| ASSIGNMENT |
Reproduce each record exactly. The pictures should be skipped.

*** AVAILABLE DATA ***

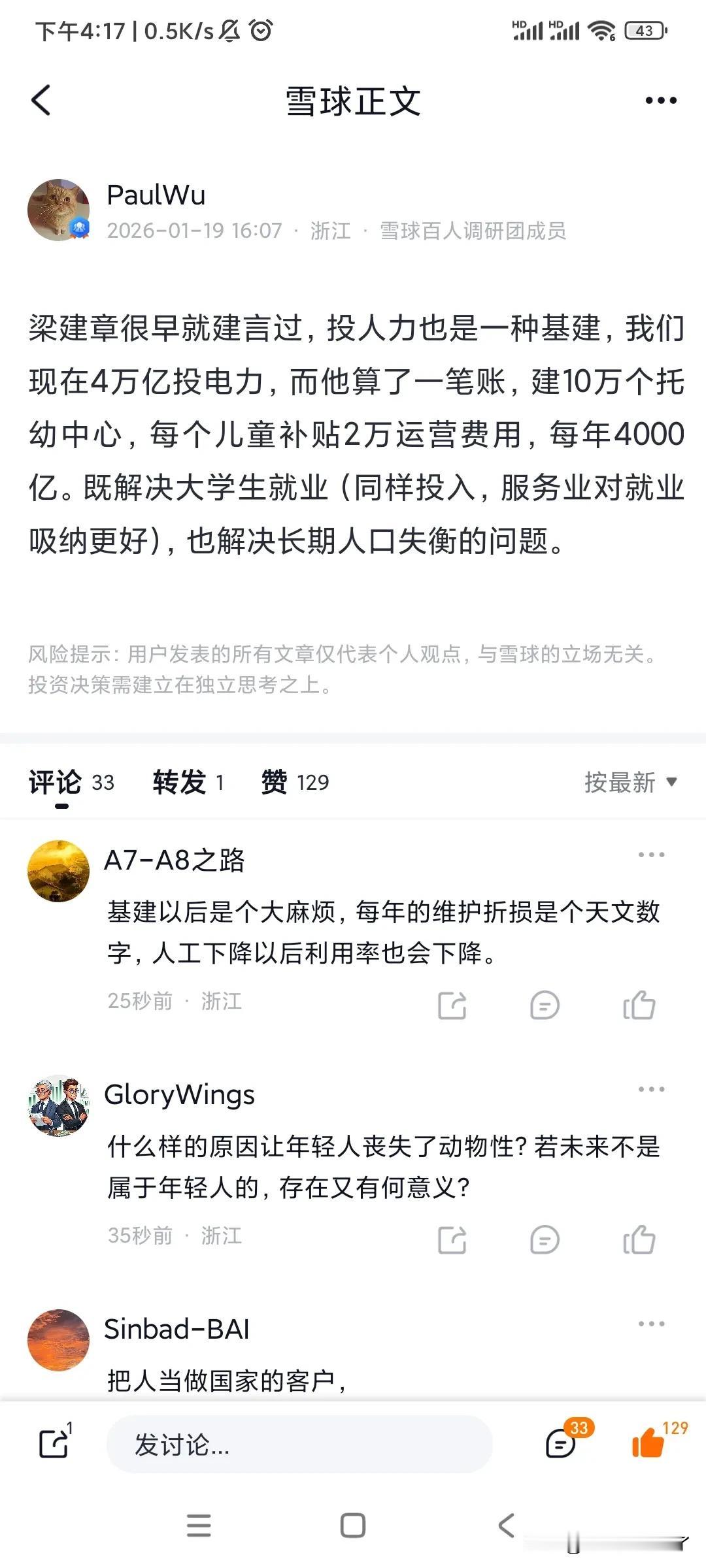 我支持携程梁建章……把钱投进生育、下一代……不然这么多天量基建谁来摊销……真指望机器人来养老???
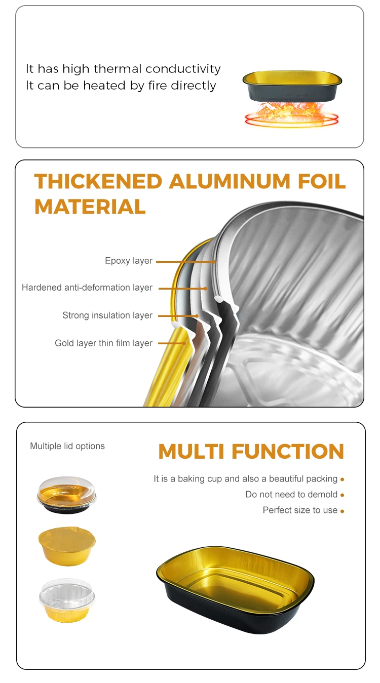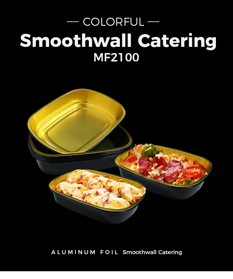 Yunchu-alumiinifoliotoimittajan kertakäyttöiset mustan kultaiset ateriapalveluiden suorakaiteen muotoiset alumiinifolioastiat soveltuvat suurten volyymien ateriapalvelu- ja takea-teollisuuteen, erityisesti paistamiseen, ruokailuketjuihin ja itsepalveluketjuihin ja muihin skenaarioihin. Ainesosia sijoitettavaksi voidaan käyttää alumiinifolion tiivistyskansilla ja PET: llä täysin läpinäkyvällä kansilla, erinomaisella tiivistymisteholla, korkean lämpötilan vastus- ja öljy- ja vuotojen ehkäisytoiminnolla. Sitä käytetään laajasti erilaisissa skenaarioissa, kuten elintarvikepakkauksissa, lämmityksessä, jäähdytyksessä ja takean toimittamisessa. Pinta käyttää kevyen seinän suunnittelun, tasaisella ja sileällä ulkonäöllä, mikä on kätevä lämpöä suljetun kalvon automaattiseen tiivistämiseen, mikä parantaa pakkaustehokkuutta.
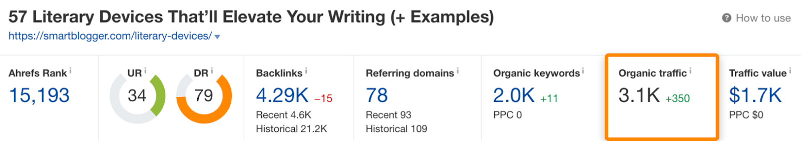 With the post generating an estimated ~3,100 monthly search visits, Sarah is almost certainly getting a decent number of leads each month.
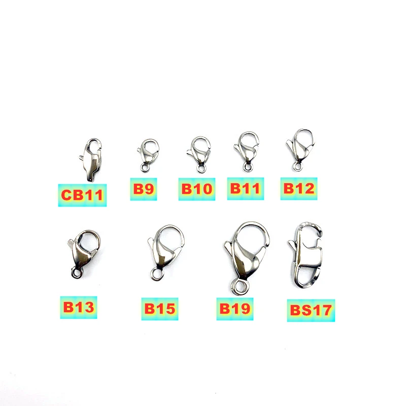 Hypoallergenic Solid Titanium Alloy Lobster Clasp -Small, Medium and Large Size Necklace Bracelet Clasp in Natural Silver Color
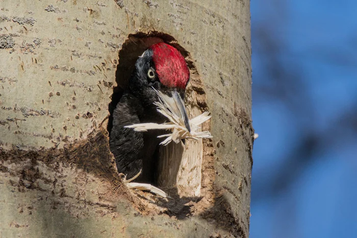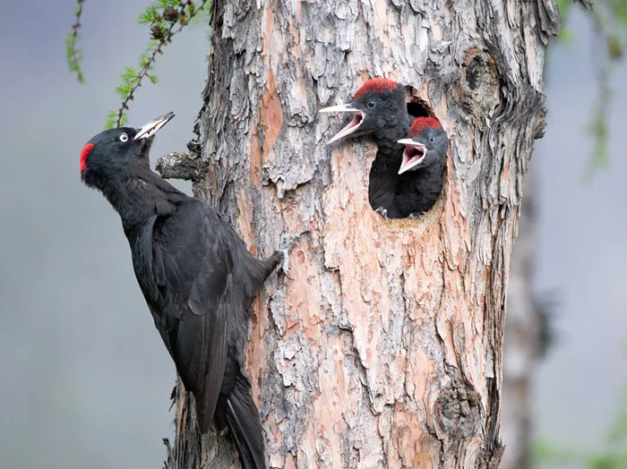 Итак, пара черных дятлов по весне откладывает 4–5 яиц, из которых выводятся маленькие желнята. Около месяца родители поочередно таскают своему голосящему выводку личинок, липкие комки из муравьев и их яиц. Покинув дупло, юные дятлы держатся до конца лета неподалеку от родителей, а потом разлетаются искать себе личную территорию и обзаводиться недвижимостью.

*** End of AVAILABLE DATA ***

| RESULT BELOW |
 我支持携程梁建章……把钱投进生育、下一代……不然这么多天量基建谁来摊销……真指望机器人来养老???
 Yunchu-alumiinifoliotoimittajan kertakäyttöiset mustan kultaiset ateriapalveluiden suorakaiteen muotoiset alumiinifolioastiat soveltuvat suurten volyymien ateriapalvelu- ja takea-teollisuuteen, erityisesti paistamiseen, ruokailuketjuihin ja itsepalveluketjuihin ja muihin skenaarioihin. Ainesosia sijoitettavaksi voidaan käyttää alumiinifolion tiivistyskansilla ja PET: llä täysin läpinäkyvällä kansilla, erinomaisella tiivistymisteholla, korkean lämpötilan vastus- ja öljy- ja vuotojen ehkäisytoiminnolla. Sitä käytetään laajasti erilaisissa skenaarioissa, kuten elintarvikepakkauksissa, lämmityksessä, jäähdytyksessä ja takean toimittamisessa. Pinta käyttää kevyen seinän suunnittelun, tasaisella ja sileällä ulkonäöllä, mikä on kätevä lämpöä suljetun kalvon automaattiseen tiivistämiseen, mikä parantaa pakkaustehokkuutta.
 With the post generating an estimated ~3,100 monthly search visits, Sarah is almost certainly getting a decent number of leads each month.
 Hypoallergenic Solid Titanium Alloy Lobster Clasp -Small, Medium and Large Size Necklace Bracelet Clasp in Natural Silver Color
 Итак, пара черных дятлов по весне откладывает 4–5 яиц, из которых выводятся маленькие желнята. Около месяца родители поочередно таскают своему голосящему выводку личинок, липкие комки из муравьев и их яиц. Покинув дупло, юные дятлы держатся до конца лета неподалеку от родителей, а потом разлетаются искать себе личную территорию и обзаводиться недвижимостью.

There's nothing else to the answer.